* _Task brief_: Set the listing down again exactly, please, apart from its pictures.
═════ Data to use ═════
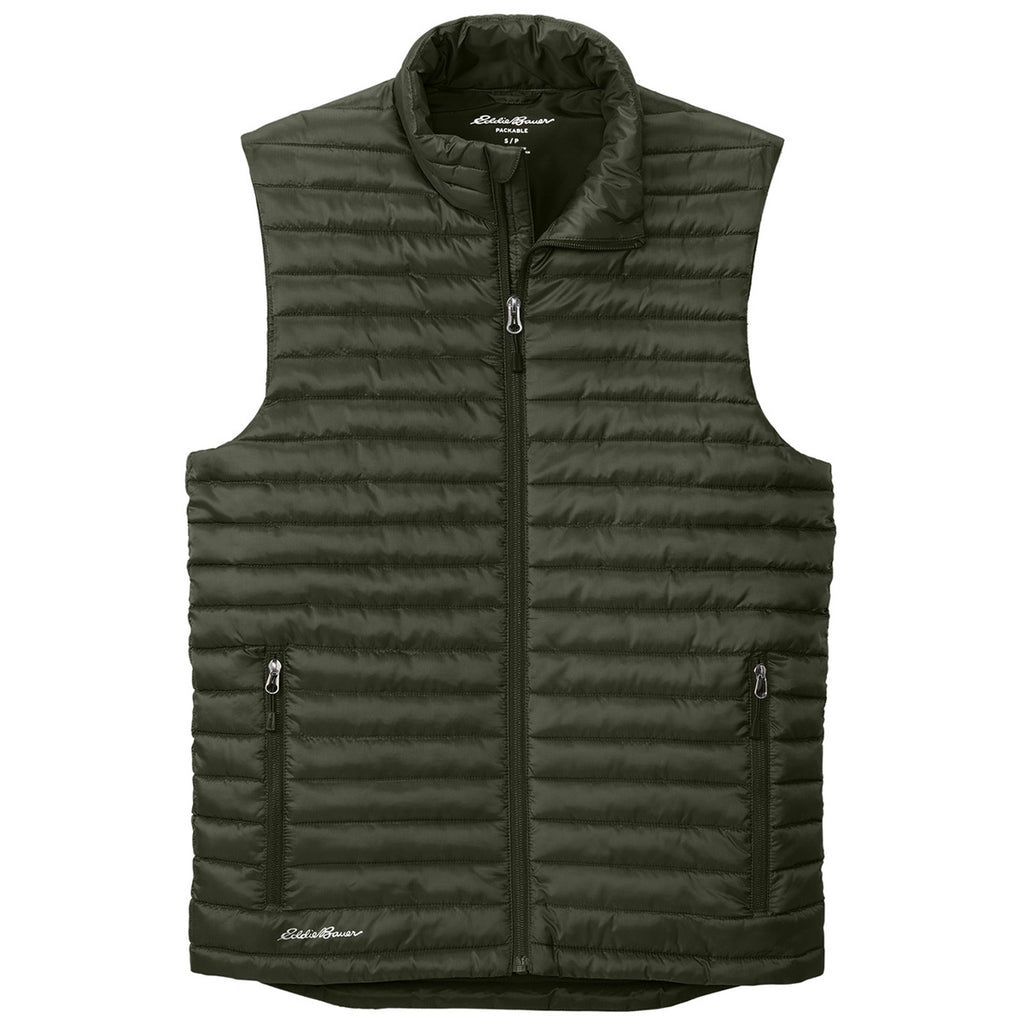 Eddie Bauer Men's Olive Green Packable Quilted Vest with a custom design is a fun and functional way to stay toasty while enjoying the Great Outdoors. This packable vest can be worn and then easily packed away when it is no longer needed for the day. Perfect for hiking, camping, and hunting. Place an order right away.
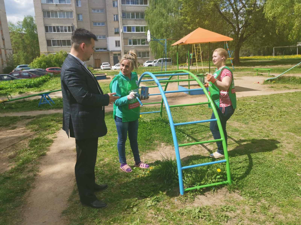 Александр Зеленский помогает восстанавливать детскую площадку в Смоленске
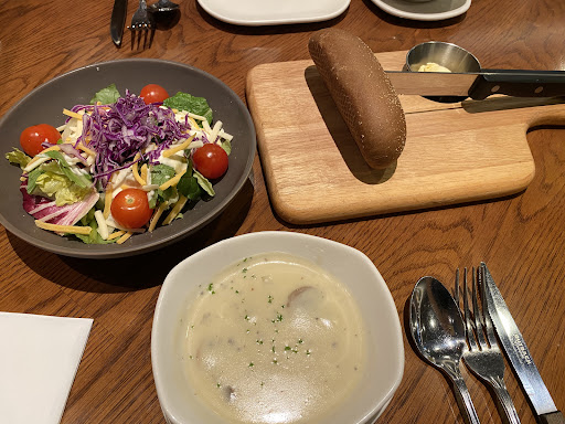 Read more광천점이 바뀌고 나서는 처음갔는데 예전 아웃백만의 느낌은 없지만 ㅋㅋ 넓고 깔끔하고 쾌적해졌더라구요 ! 식전빵, 블루치즈 드레싱의 샐러드, 양송이스프, 투움바파스타, 오렌지에이드, 퀸즈랜드 립아이 스테이크 먹었어요 사진을 식사 중에 찍어서 좀 지저분하네욥😢
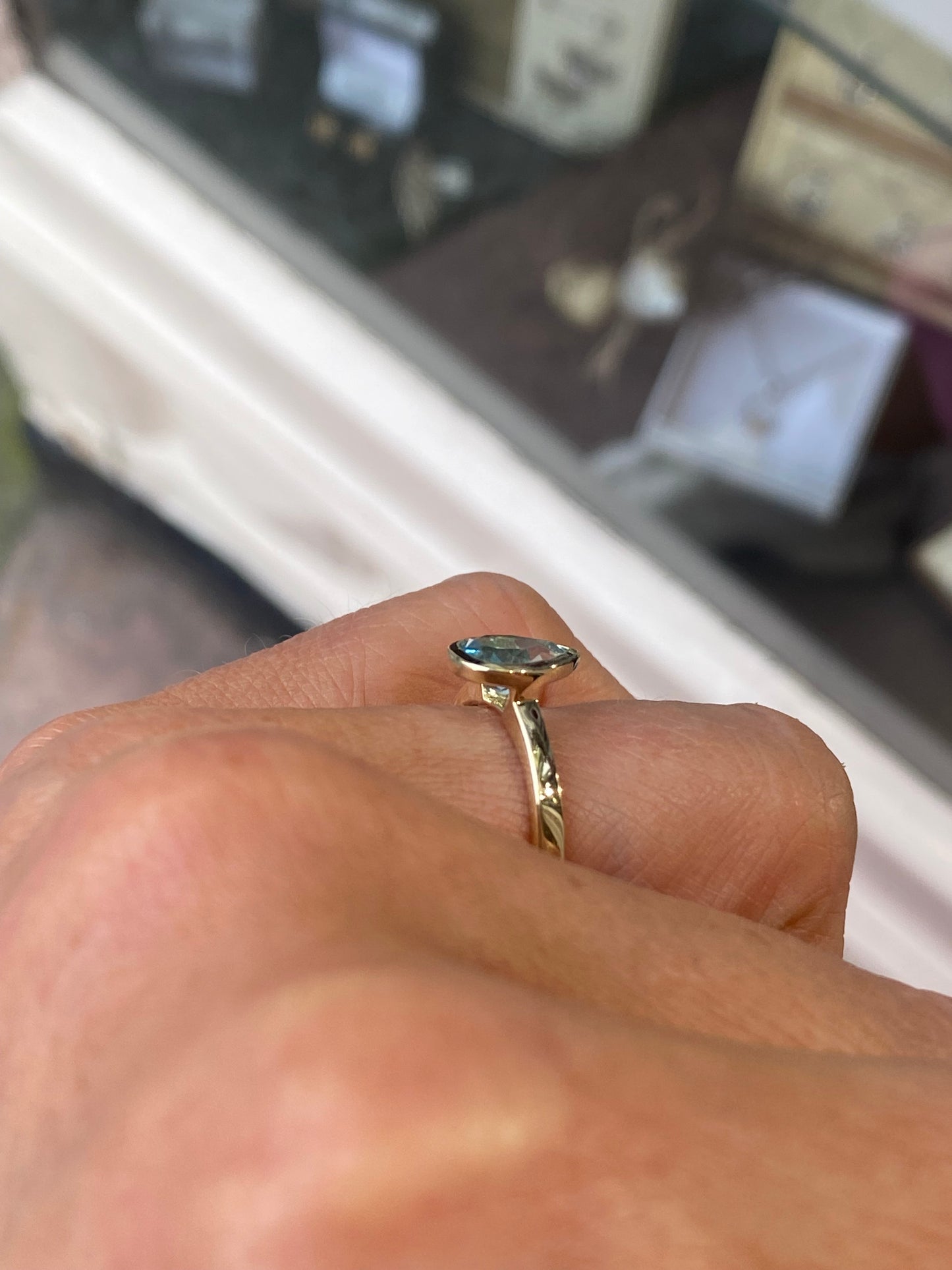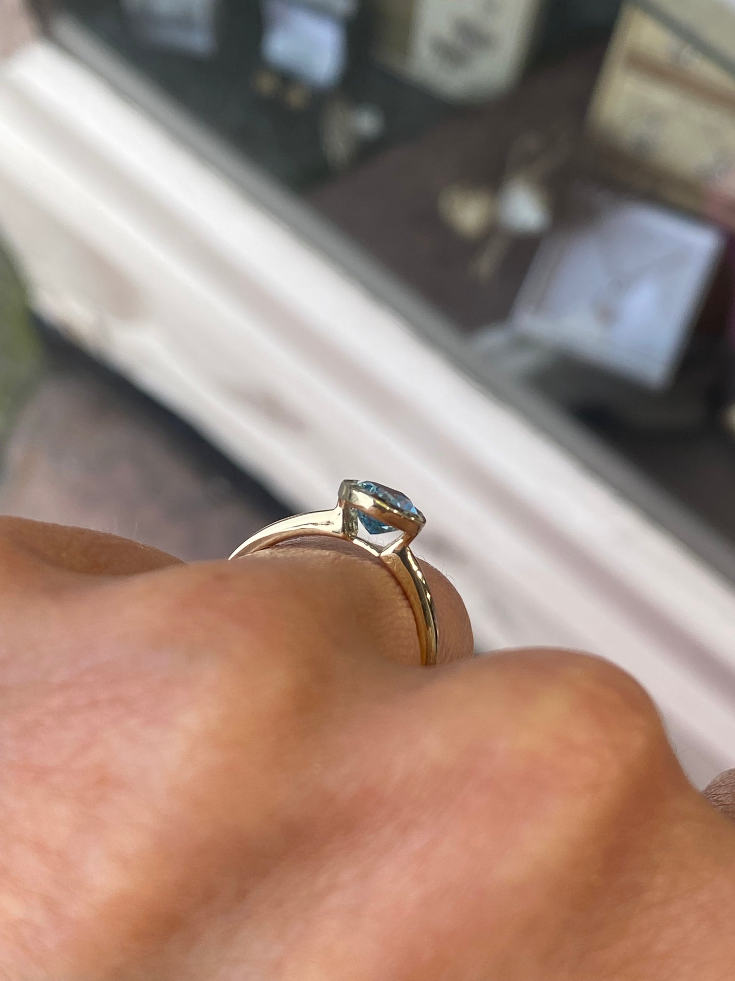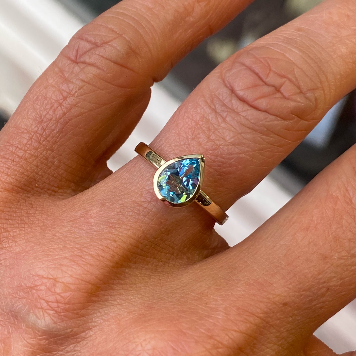 9ct Gold Bezel Pear Ring - Blue Topaz
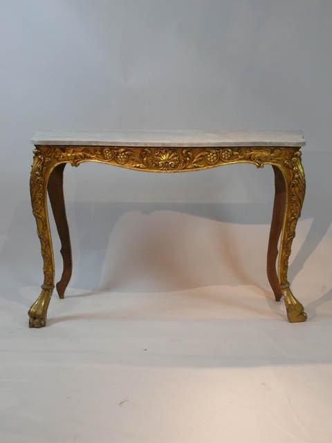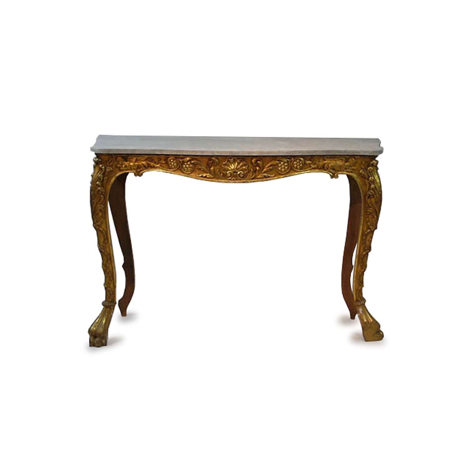 ITALIAN GILT WOOD SERPENTINE CONSOLE TABLE GREY FAUX MARBLE TOP 46/i LONG X 31/i HIGH X 16/i DEEP
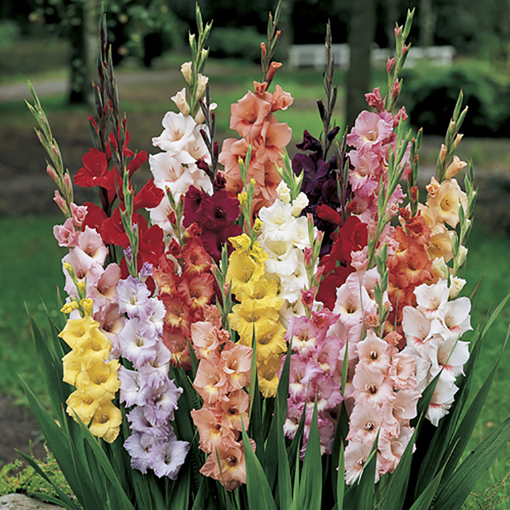 Glamorous Gladioli – Tall spires of gorgeous flowers in a sweet-shop confection of colours!
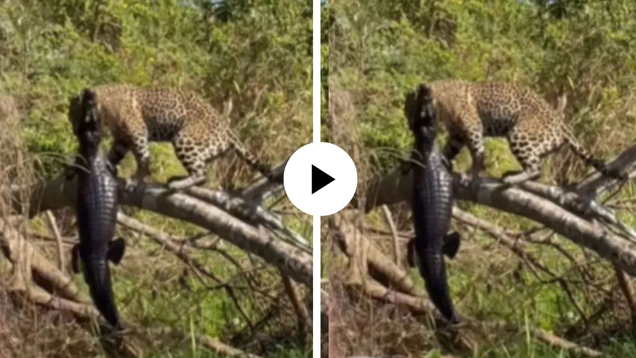 व्हायरल होत असलेल्या व्हिडिओमध्ये तुम्ही पाहू शकता की, जंगलाचा परिसर दिसत आहे. येथेच एक बिबट्या एका झाडाच्या फांदीवर उभा आहे. त्याच्या जबड्यात एक भली मोठी मगर दिसत आहे. फांदीवरुन तो मगरीला फरपटत घेभव जात आहे. बिबट्याने मगरीची मान धरली आहे. आपली शिकार घेऊन जाताना बिबट्या दिसत आहे. या थरारक दृश्याचा व्हिडिओ व्हायरल होत आहे. यापूर्वी मगरीची शिकार करातानाचा व्हिडिओ सोशल मीडियावर व्हायरल झाला होता. ज्यामध्ये बिबट्याने पाण्यातच शिरुन मगरीची शिकार केली होती. शिवाय एका जंगल सफारीतील बिबट्या अचानक दोन पायांवर उभे राहिल्याचा व्हिडिओ देखील सोशल मीडियावर व्हायरल होत आहे.
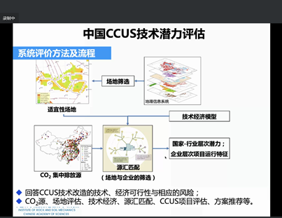 随后,魏宁教授深入浅出的介绍了团队使用的中国CCUS技术潜力评估模型,并展现了相关模拟结果。60美元/吨碳价条件下中国可以实现每年约34亿吨的封存容量。中国主要封存地的源汇匹配性较好,但是华南及东南沿海区域的部分排放源难以匹配适宜的陆上场地,需要考虑离岸或碳贸易等措施。
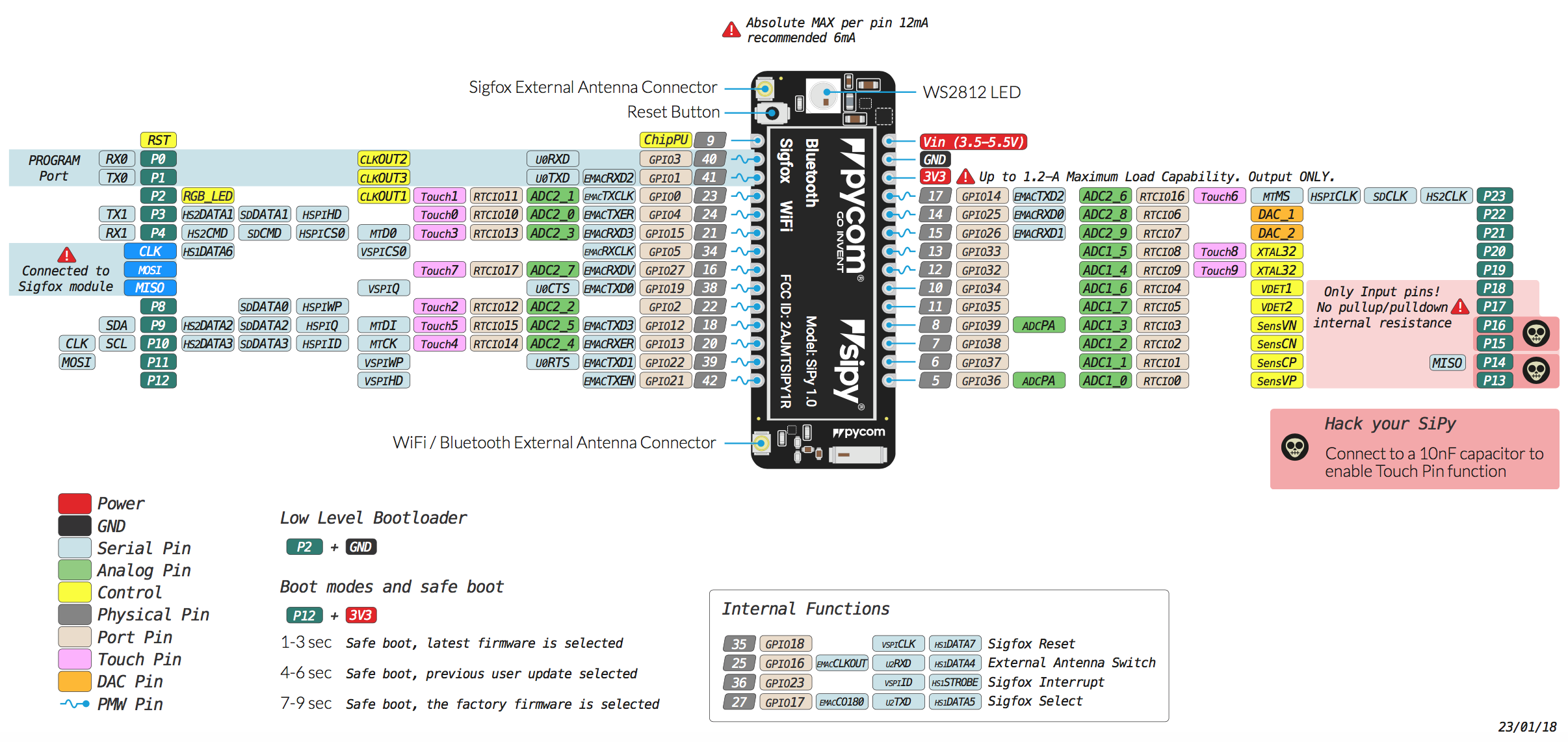 The pinout of the SiPy is available as a PDF File.
═════
* _Output for this task_:
 Eddie Bauer Men's Olive Green Packable Quilted Vest with a custom design is a fun and functional way to stay toasty while enjoying the Great Outdoors. This packable vest can be worn and then easily packed away when it is no longer needed for the day. Perfect for hiking, camping, and hunting. Place an order right away.
 Александр Зеленский помогает восстанавливать детскую площадку в Смоленске
 Read more광천점이 바뀌고 나서는 처음갔는데 예전 아웃백만의 느낌은 없지만 ㅋㅋ 넓고 깔끔하고 쾌적해졌더라구요 ! 식전빵, 블루치즈 드레싱의 샐러드, 양송이스프, 투움바파스타, 오렌지에이드, 퀸즈랜드 립아이 스테이크 먹었어요 사진을 식사 중에 찍어서 좀 지저분하네욥😢
 9ct Gold Bezel Pear Ring - Blue Topaz
 ITALIAN GILT WOOD SERPENTINE CONSOLE TABLE GREY FAUX MARBLE TOP 46/i LONG X 31/i HIGH X 16/i DEEP
 Glamorous Gladioli – Tall spires of gorgeous flowers in a sweet-shop confection of colours!
 व्हायरल होत असलेल्या व्हिडिओमध्ये तुम्ही पाहू शकता की, जंगलाचा परिसर दिसत आहे. येथेच एक बिबट्या एका झाडाच्या फांदीवर उभा आहे. त्याच्या जबड्यात एक भली मोठी मगर दिसत आहे. फांदीवरुन तो मगरीला फरपटत घेभव जात आहे. बिबट्याने मगरीची मान धरली आहे. आपली शिकार घेऊन जाताना बिबट्या दिसत आहे. या थरारक दृश्याचा व्हिडिओ व्हायरल होत आहे. यापूर्वी मगरीची शिकार करातानाचा व्हिडिओ सोशल मीडियावर व्हायरल झाला होता. ज्यामध्ये बिबट्याने पाण्यातच शिरुन मगरीची शिकार केली होती. शिवाय एका जंगल सफारीतील बिबट्या अचानक दोन पायांवर उभे राहिल्याचा व्हिडिओ देखील सोशल मीडियावर व्हायरल होत आहे.
 随后,魏宁教授深入浅出的介绍了团队使用的中国CCUS技术潜力评估模型,并展现了相关模拟结果。60美元/吨碳价条件下中国可以实现每年约34亿吨的封存容量。中国主要封存地的源汇匹配性较好,但是华南及东南沿海区域的部分排放源难以匹配适宜的陆上场地,需要考虑离岸或碳贸易等措施。
 The pinout of the SiPy is available as a PDF File.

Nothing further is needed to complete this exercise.